Holden St. James had carried me to bed last night.The thought sent an unexpected rush of pleasure through me, followed by a hot flash of embarrassment. Why couldn’t I seem to stop embarrassing myself around this man? No matter how many lies I told myself when it came to Holden, the one lie I couldn’t make myself believe was that I didn’t care what he thought about me, because I definitely did care. And just below that inconvenient truth was the fact that I liked Holden. As a person. As a friend. And I had the sinking suspicion that it was maybe even more than that.

I smelled the sweet fragrance of coffee right before I heard Max’s voice boom through my quiet room. “If you want this caramel macchiato and bagel sandwich, you better start displaying some signs of life.” I shot up with arms outstretched, and she proclaimed, “It’s aliiiiiivvveee!”

“You’re hilarious.” I faked a laugh, taking the latte out of her hands. “Not that I’m hating this surprise breakfast in bed, but what are you doing here?”

Maxine planted her now-empty hands on her hips, eyes scanning my dress.

“You’d know if you had bothered to answer any of my three hundred phone calls or texts.”

I grimaced, pausing with the cup at my lips to offer an apology. “Sorry, I must have left my phone in my clutch on the table. What’s going on? Are you okay?”

Max groaned, dropping onto the bed.

“One of the servers went down this morning and no one’s been able to get it back online. Testing had to be stopped. So basically, it’s an all-hands-on-deck dumpster fire.
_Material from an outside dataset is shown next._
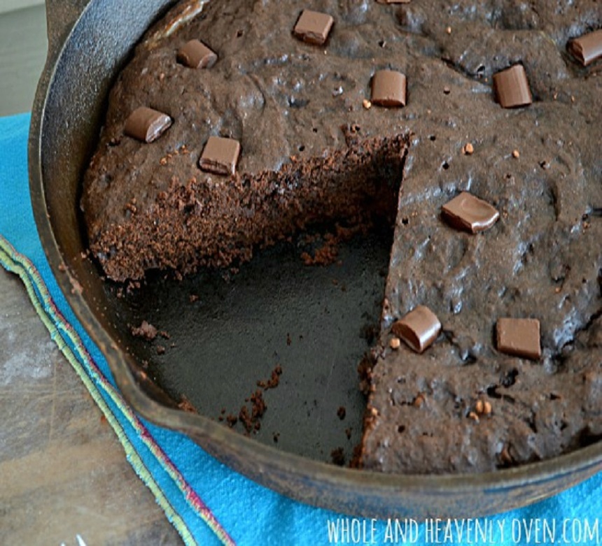 Într-un castron se amestecă făina, pudra de cacao, praful de copt și sarea. Într-un alt vas se amestecă uleiul, ouăle și esența de vanilie. Combinați amestecul de făină cu cel denulei și amestecă pănă ce se obține o compoziție omogenă. Apoi se toarnă în mod uniform în tava de copt, iar deasupra se adaugă fulgii de ciocolată. Se introduce la cuptor pentru aproximativ 25-28 de minute. Se lasă să se răcească complet înainte de servire.

At least that’s what I’ve deduced from the four hundred emails and text chains I woke up to.” She sighed, scrubbing her hands down her face. “In other words, we’re currently very, very fucked.”

“Oh shit.” I threw off the blanket and swung my feet over the edge, my stomach lurching dangerously at the motion. “Double shit.”

“Yeah. Based on the condition I found you in when I got here, I figured you’d need lots of caffeine and grease. Consider it a peace offering for waking you up. I know your rule is that you only get out of bed on Sunday for Jesus or your mama.”

“You can add caramel macchiatos and bagels to the list of exceptions. What time is it?”

“Almost ten. Matt wants everyone in the office by noon unless, and I quote, ‘you or someone in your family has died.’ While you’re basically the living dead, I don’t think that’ll get you out of this.”

“Okay. Okay,” I said, more firmly the second time. “I need to take a quick shower and change into something that’s...not this.”

Max sat on the toilet while I was in the shower, drinking her own caffeinated beverage and filling me in on the rest of her night. Sissy was not pleased that I’d left early with Holden, so I was sure I’d have a few dozen angry texts waiting for me this morning. I had no regrets.

Max and Richard had spent the entire time talking, and they’d exchanged numbers at the end of the night. She seemed almost disappointed that he had asked for her number instead of out on a date.

They had not won the month at the chalet in Aspen, and Max said she heard a rumor that the winning bid was over twenty-five thousand dollars.

“I can’t believe you actually bid on it!” I shouted over the spray of the water. “Unless you have a trust fund that I don’t know about. What would you have done if we’d won?”

“Meh. I hadn’t thought that far ahead, honestly. Sell a kidney on the black market? I feel like one of my kidneys would be a real hot-ticket item. Doesn’t your liver grow back?” She didn’t wait for me to answer. “You’re missing the most important part of this story. I projected the right image as a casual — yet wealthy — jetsetter.”